# Multi-Room Setup, Need Advice



## lv2pitch (May 3, 2012)

I have a construction thread and an equipment thread, but I need some important advice on working with my installer for getting the results I want. I think he is a reliable installer, but I want to know I am asking the right questions and prepared for any issues.

I am trying to serve video to three rooms (theater, master bedroom, and living room). The theater room needs to be able to use all the sources independently and the other two rooms I am a little more flexible if there have to compromises on independent sources. I am using two Yamaha A820 receivers. The first will serve the theater and audio in the kitchen and porches. The second will serve the bedroom and living room.

In the theater I will have an Oppo BluRay player, and Xbox, and a Popcorn Hour A300 and have access to one of our two DirecTV HDDvrs. The theater will be 7.1 when Zone 2 is inactive and 5.1 when Zone 2 is in use. That should be a rare occassion. I would also like the remote to control a simple sconce lighting system in the theater room with some basic scene functions.

For the other rooms they will be sharing another Popcorn Hour and also have access to our DirecTV receivers. Both rooms have flat screen HD tv's.

We will be using iRule to control the system.

I can provide more details if need be, but those are the basics.

So, my questions are:

1) what kind of matrix switch is required, if any?

2) I want the electrician ( the whole home is new construction) and the installer to be on the same page, any advice on what I should make sure they discuss?

3) Is iRule a good choice for this environment.

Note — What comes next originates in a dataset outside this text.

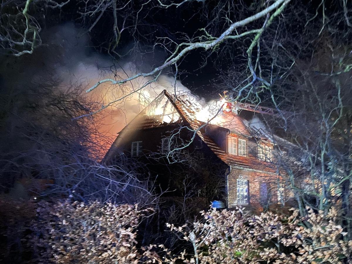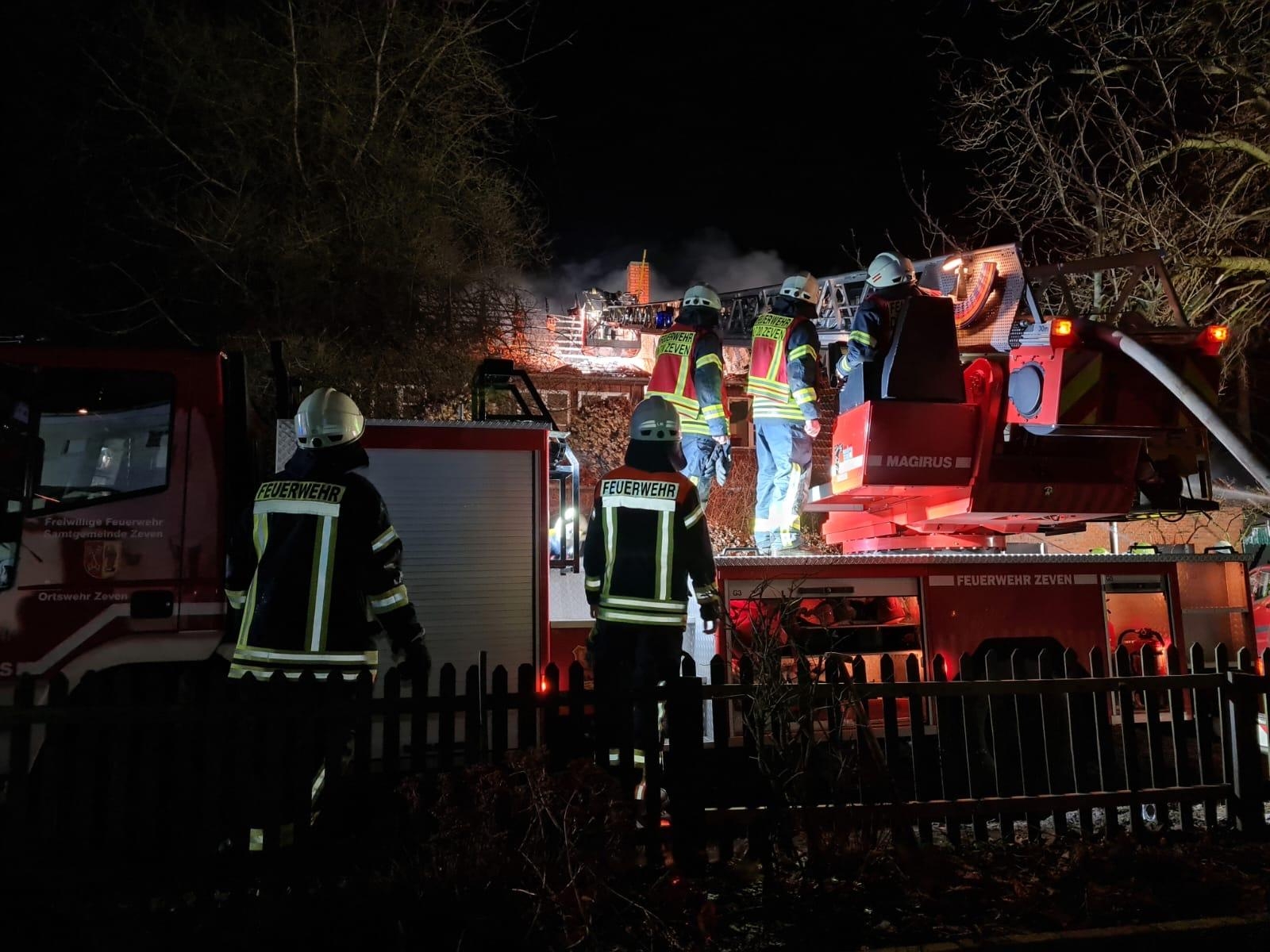 Gegen kurz nach 21 Uhr am Samstagabend geriet aus ungeklärter Ursache in Bülstedt in der Straße "Zum Bruch" ein Einfamilienhaus mit angrenzendem Stall in Brand. Das rund 25 mal 9 Meter große Gebäude stand bei Eintreffen der ersten Einsatzkräfte in Vollbrand. Der Brand war vom Stall aus auf das Wohngebäude übergegriffen.
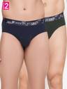 Pack of 2 classic briefs in dark green and navy, crafted from ultra-stretchy cotton spandex fabric, offering freedom of movement and lasting comfort. Both of them are designed with camouflage print elastic and feature the John Player logo at the centre. They feature a double-layered contoured crotch and have a super-soft elastic that provides a rash-free snug fit.

My wife and I both have iPhones and iPads, so it seemed like a good choice from what I read.

4) please let me know if anything I am thinking in impractical or poorly conceived.

Thanks so much in advance, this is stressful and I want to get things right the first time.


----------



## lv2pitch (May 3, 2012)

*****crickets********


----------



## BD55 (Oct 18, 2011)

Sorry, the only one I can address is number 2... and only as a small tip. The electrician is going to balk at doing anything above and beyond code. i.e. he probably will try and dissuade you from putting in as many outlets as you would like, or in your more unique circumstance, need. Just strong arm him into putting in every single one you pout about, because you _will_ appreciate having done it in the future. Sorry for my measly 2¢ that you surely already knew. Good luck! Which is your build thread?


----------



## lv2pitch (May 3, 2012)

Thanks for the 2 cents, all help and advice is appreciated. My build thread is the Batcave Mancave thread.


----------



## ALMFamily (Oct 19, 2011)

I can provide a little feeback as well - I agree with the point above. Make sure to get as many outlets as you want. If you have an area where you are putting all your gear, have him wire up at least 3 dedicated outlets there. 

I know raZorTT has used iRule extensively for his room and really likes it. It is what I am planning on using for my room as well, but I have just done a smidge of research on it - enought to know that you need a Global Cache unit to do the network communicating.


----------